(Exercise data)
============
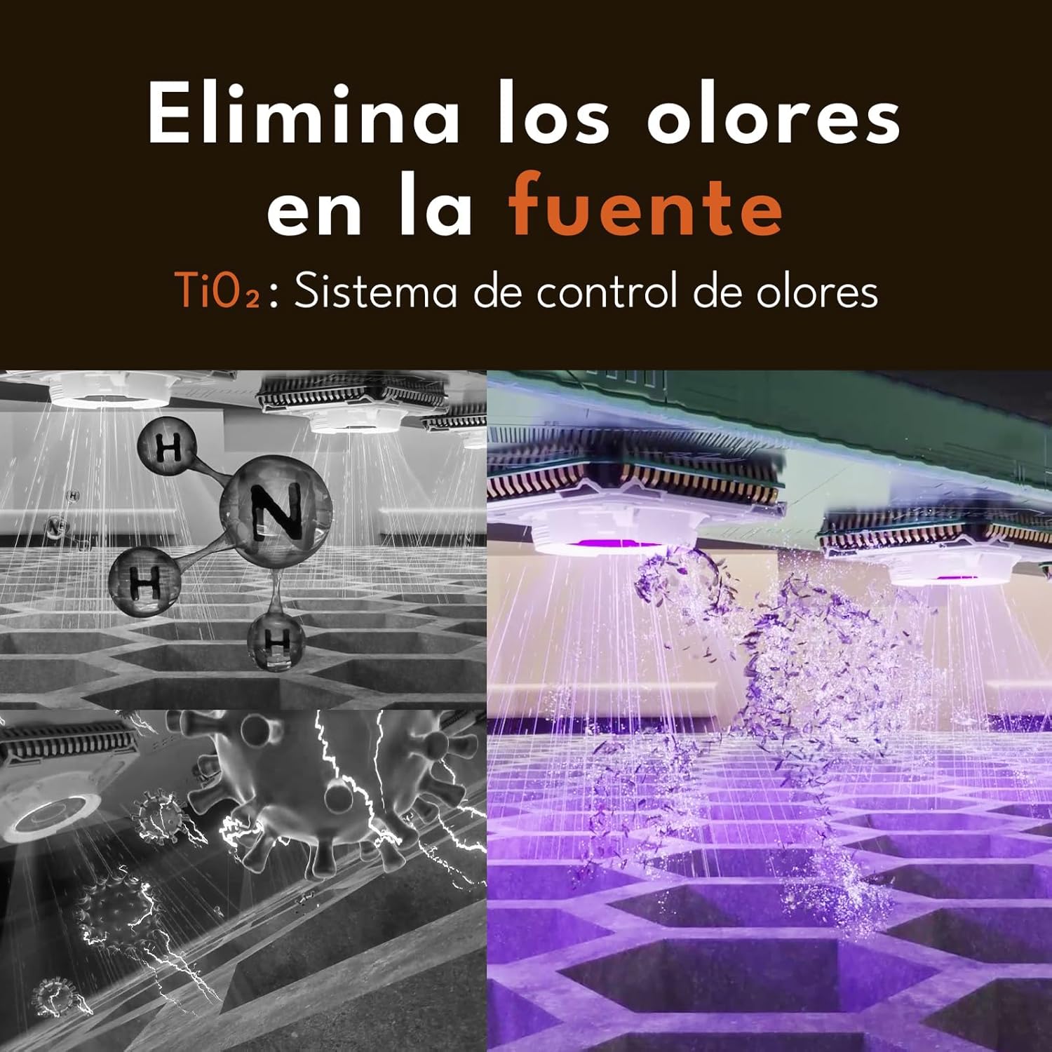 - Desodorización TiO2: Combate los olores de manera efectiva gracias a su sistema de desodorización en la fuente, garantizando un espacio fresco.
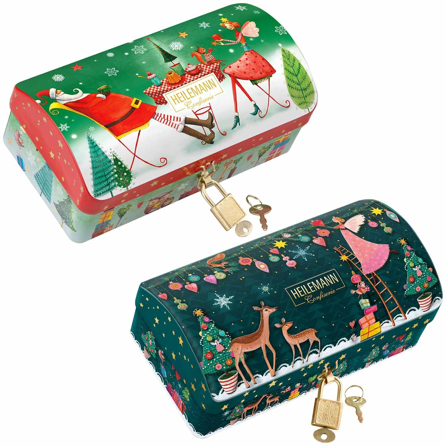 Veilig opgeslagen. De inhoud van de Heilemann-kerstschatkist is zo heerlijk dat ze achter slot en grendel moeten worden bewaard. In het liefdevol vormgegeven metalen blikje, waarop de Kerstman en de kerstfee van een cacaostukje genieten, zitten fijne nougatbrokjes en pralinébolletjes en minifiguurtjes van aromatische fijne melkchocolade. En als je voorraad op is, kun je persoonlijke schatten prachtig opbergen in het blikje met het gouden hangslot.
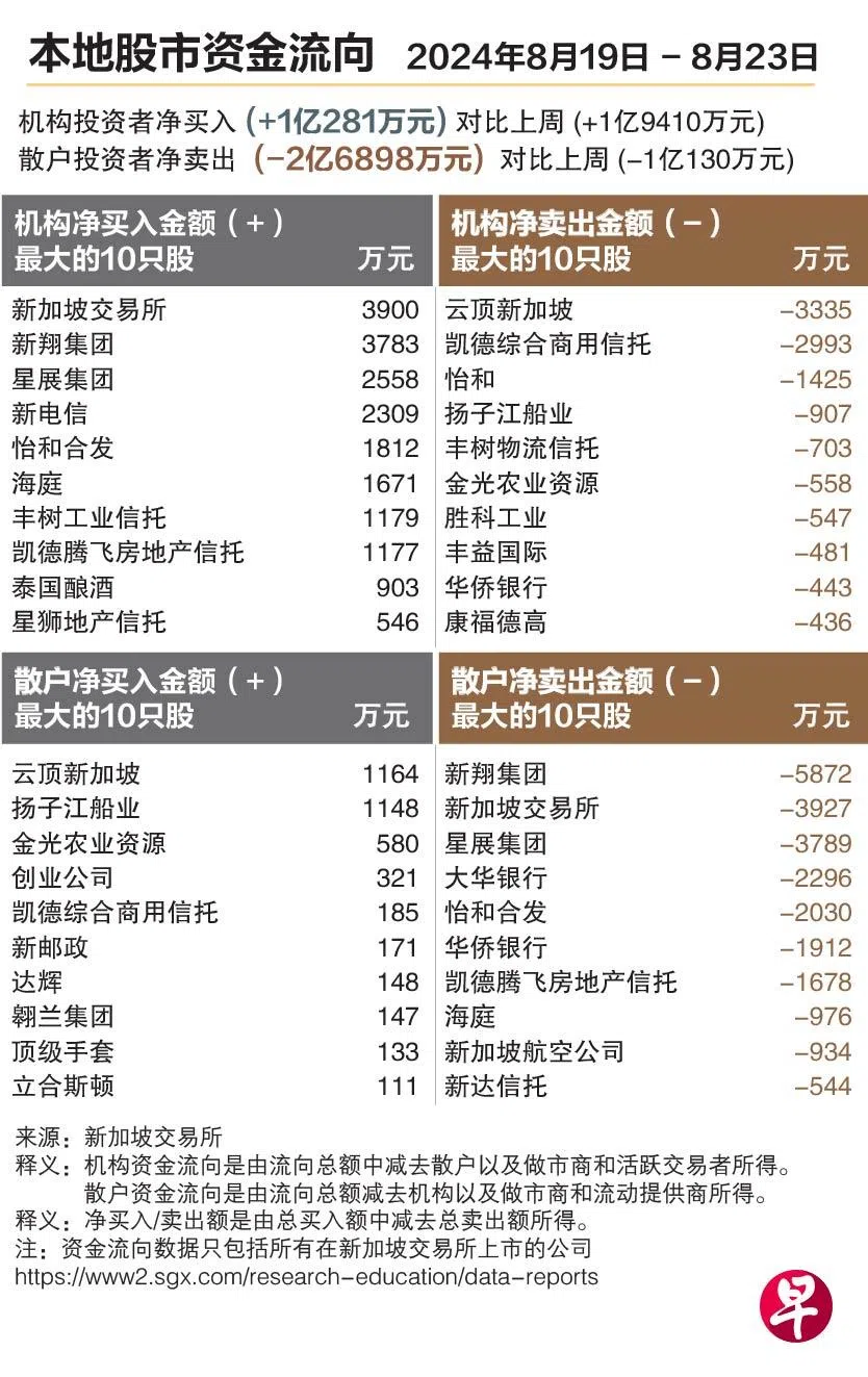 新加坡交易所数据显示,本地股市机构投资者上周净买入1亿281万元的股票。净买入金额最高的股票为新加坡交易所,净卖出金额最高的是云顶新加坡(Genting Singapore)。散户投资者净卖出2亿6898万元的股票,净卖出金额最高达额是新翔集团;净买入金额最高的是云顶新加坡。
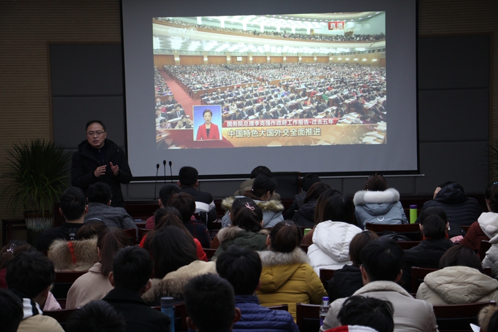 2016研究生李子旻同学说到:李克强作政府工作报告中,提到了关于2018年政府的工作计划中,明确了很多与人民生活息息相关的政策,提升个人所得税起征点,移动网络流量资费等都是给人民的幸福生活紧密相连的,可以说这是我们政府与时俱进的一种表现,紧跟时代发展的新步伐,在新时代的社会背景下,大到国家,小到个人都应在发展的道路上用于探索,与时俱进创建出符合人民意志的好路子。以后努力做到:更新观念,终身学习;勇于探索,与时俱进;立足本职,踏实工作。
============
(Exercise description)
Since the pictures are not part of the copy, transcribe only the remaining material, exactly.

(Output of the task)
 - Desodorización TiO2: Combate los olores de manera efectiva gracias a su sistema de desodorización en la fuente, garantizando un espacio fresco.
 Veilig opgeslagen. De inhoud van de Heilemann-kerstschatkist is zo heerlijk dat ze achter slot en grendel moeten worden bewaard. In het liefdevol vormgegeven metalen blikje, waarop de Kerstman en de kerstfee van een cacaostukje genieten, zitten fijne nougatbrokjes en pralinébolletjes en minifiguurtjes van aromatische fijne melkchocolade. En als je voorraad op is, kun je persoonlijke schatten prachtig opbergen in het blikje met het gouden hangslot.
 新加坡交易所数据显示,本地股市机构投资者上周净买入1亿281万元的股票。净买入金额最高的股票为新加坡交易所,净卖出金额最高的是云顶新加坡(Genting Singapore)。散户投资者净卖出2亿6898万元的股票,净卖出金额最高达额是新翔集团;净买入金额最高的是云顶新加坡。
 2016研究生李子旻同学说到:李克强作政府工作报告中,提到了关于2018年政府的工作计划中,明确了很多与人民生活息息相关的政策,提升个人所得税起征点,移动网络流量资费等都是给人民的幸福生活紧密相连的,可以说这是我们政府与时俱进的一种表现,紧跟时代发展的新步伐,在新时代的社会背景下,大到国家,小到个人都应在发展的道路上用于探索,与时俱进创建出符合人民意志的好路子。以后努力做到:更新观念,终身学习;勇于探索,与时俱进;立足本职,踏实工作。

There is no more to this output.